SINGAPORE - (THE BUSINESS TIMES) For time immemorial, we've been fed all manner of old wives' tales and fairy stories that we believed to be true at some point in our lives.
Such as the existence of Santa Claus and the tooth fairy. How you shouldn't point at the moon in case some goblin comes by to cut off your ears when you're asleep. How it's perfectly legal to pay someone you don't like in fishy 20 cent coins. That French food is expensive.
We all know now how most of the above have played out, but how many of us dutifully accept that French fine dining is all linen tablecloths and degustation menus priced above $100 a head, regardless of whether the chef was born in a farmhouse 50km outside Aix-en-Provence, or had grandparents who once reared pigs in Lim Chu Kang?
#04-11 Ion Orchard
2 Orchard Turn
Open daily from 12pm to 9.30pm
Nationality notwithstanding, French or European produce has to take a fast plane or a slow boat to get here and either way, that all adds to the menu pricing, so we have been led to believe.

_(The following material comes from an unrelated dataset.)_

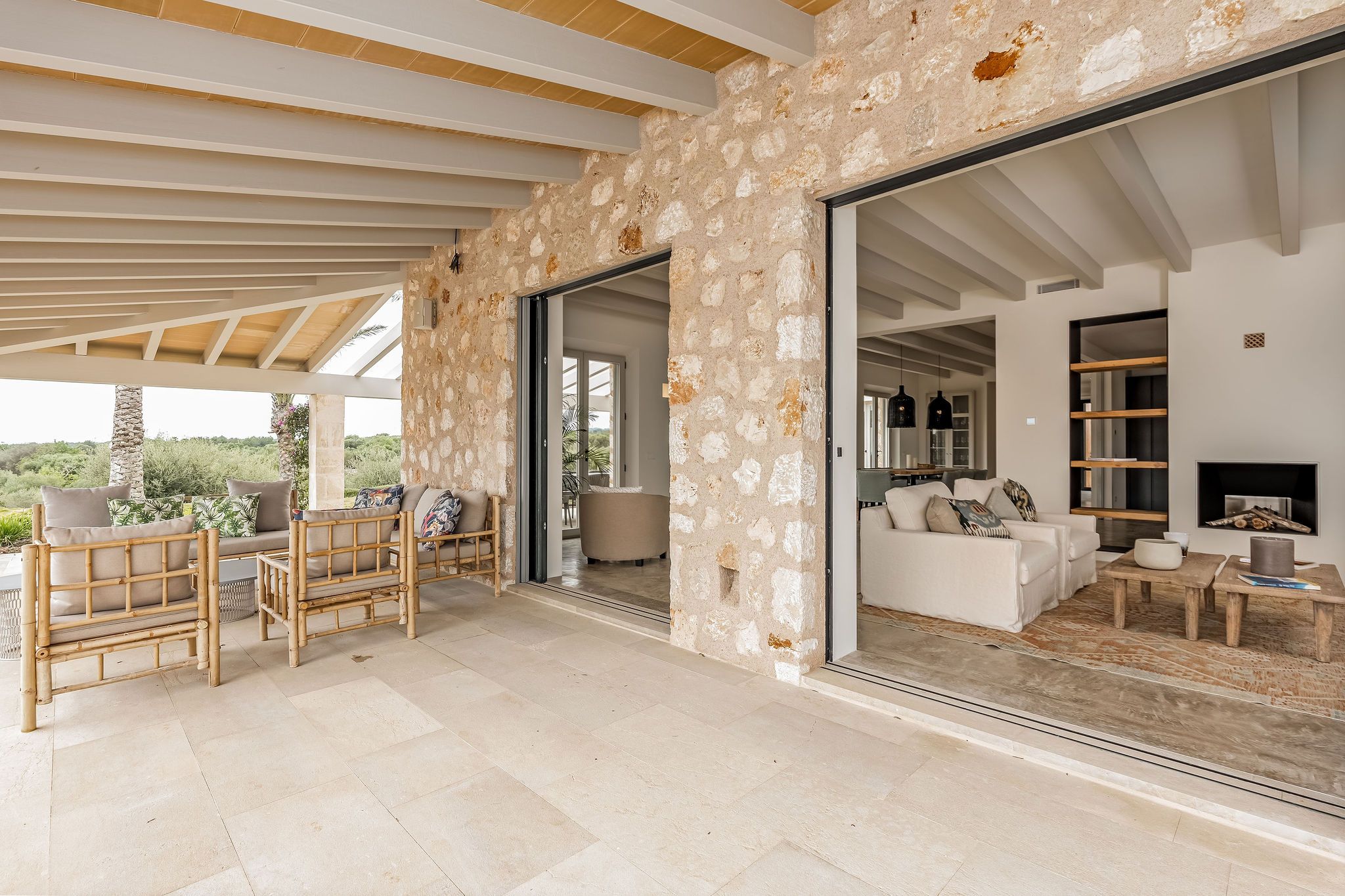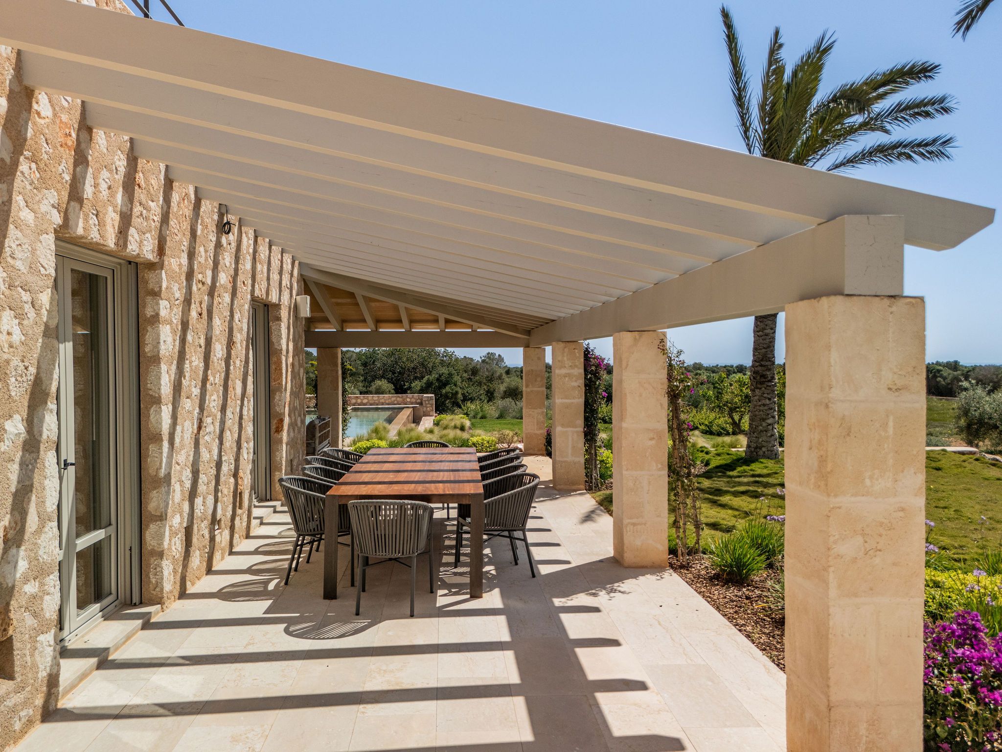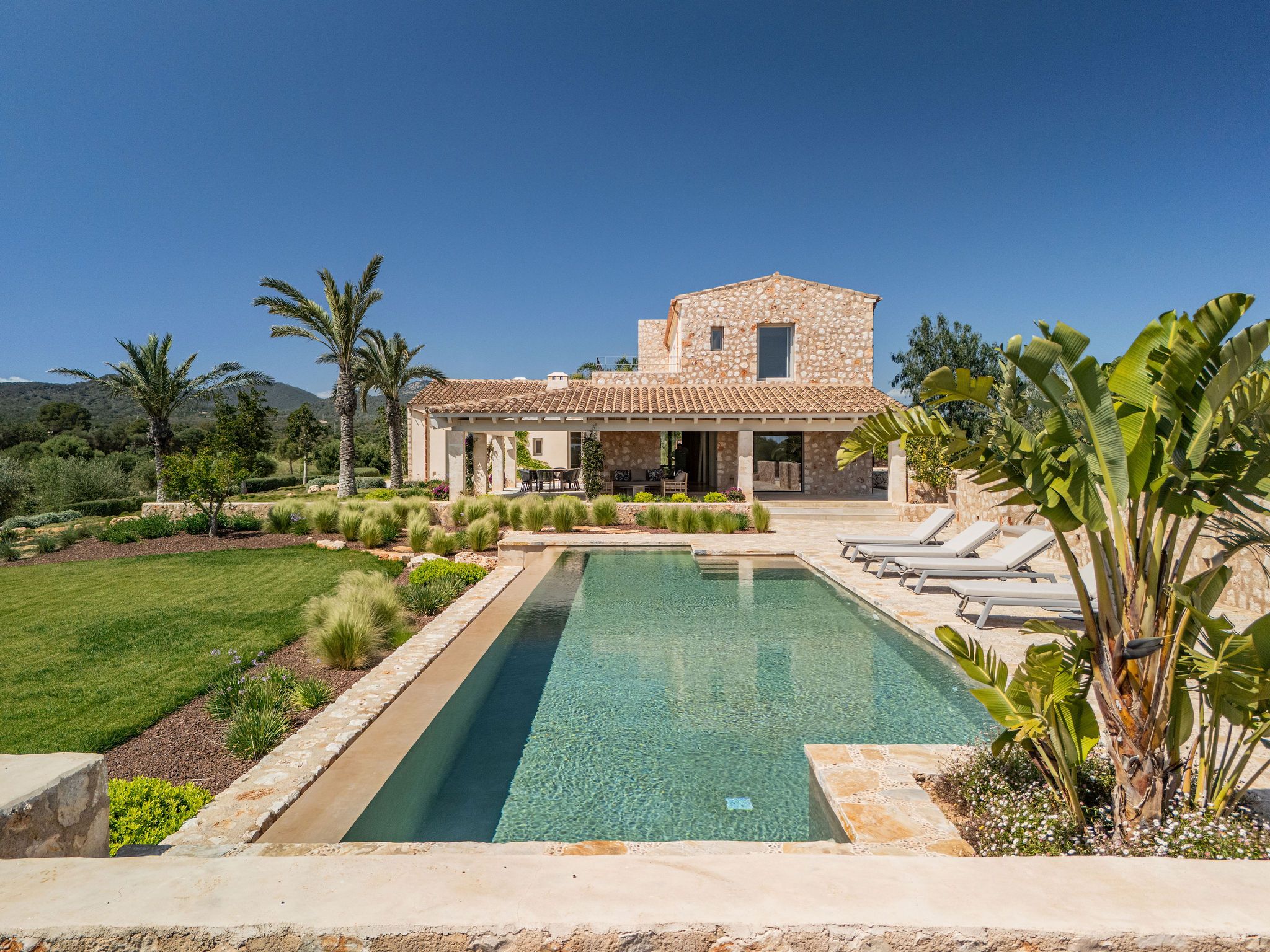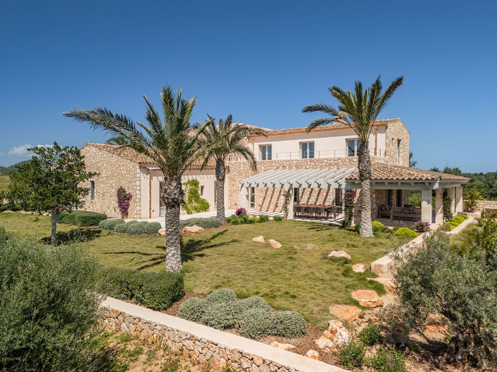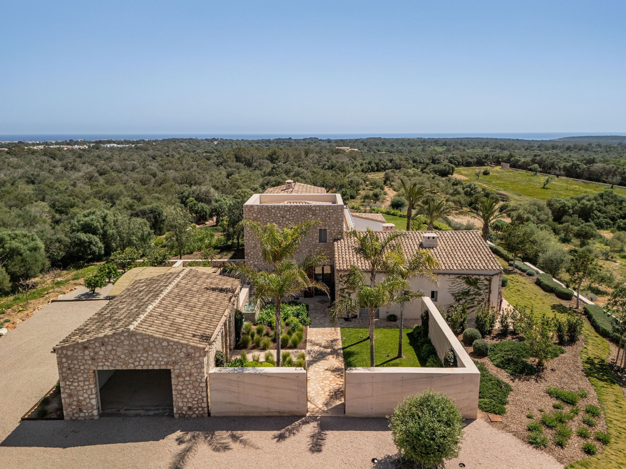 Denna eleganta finca i natursten ligger på en 6 hektar stor tomt mellan Portocolom och Cala Murada och erbjuder spektakulär utsikt över havet. Den yttre designen motsvarar den typiska mallorkinska stilen, medan interiören erbjuder ljusa rum med modern design. Naturliga element som trä och natursten smälter samman med harmonisk arkitektur med material av högsta kvalitet. Bottenvåningen imponerar med ett rymligt vardagsrum / matplats med designad öppen spis och ett angränsande, fullt utrustat kök med öppen planlösning. Härifrån kommer man ut på den täckta verandan. På bottenvåningen finns också fyra sovrum, vart och ett med eget badrum och en gästtoalett. På övre våningen ligger det stora sovrummet med eget badrum och omklädningsrum. Alla rum är luftkonditionerade och golvvärme garanterar ett behagligt inomhusklimat även under svalare dagar. Du kan tillbringa trevliga timmar med familj och vänner i trädgården som kräver lite underhåll. Här finns en pool på ca 60 m² med en mysig lounge och en veranda med en grillplats. Ett garage på ca 50 m² erbjuder plats för två bilar och har en toalett. Andra funktioner inkluderar ett larmsystem, ett smart hemsystem, ett automatiskt bevattningssystem, en brunn och anslutning till det kommunala elnätet.

A $52 set dinner menu at a supposedly upscale French restaurant is therefore greeted with slight bemusement, an ingratiating nod of encouragement reserved for cooking school students running a campus eatery.
Why, there're even two kinds of amuse bouche, we clap silently in our heads, wondering how many set menus they have to sell to recoup the cost of one Laguiole steak knife the owners insist on using.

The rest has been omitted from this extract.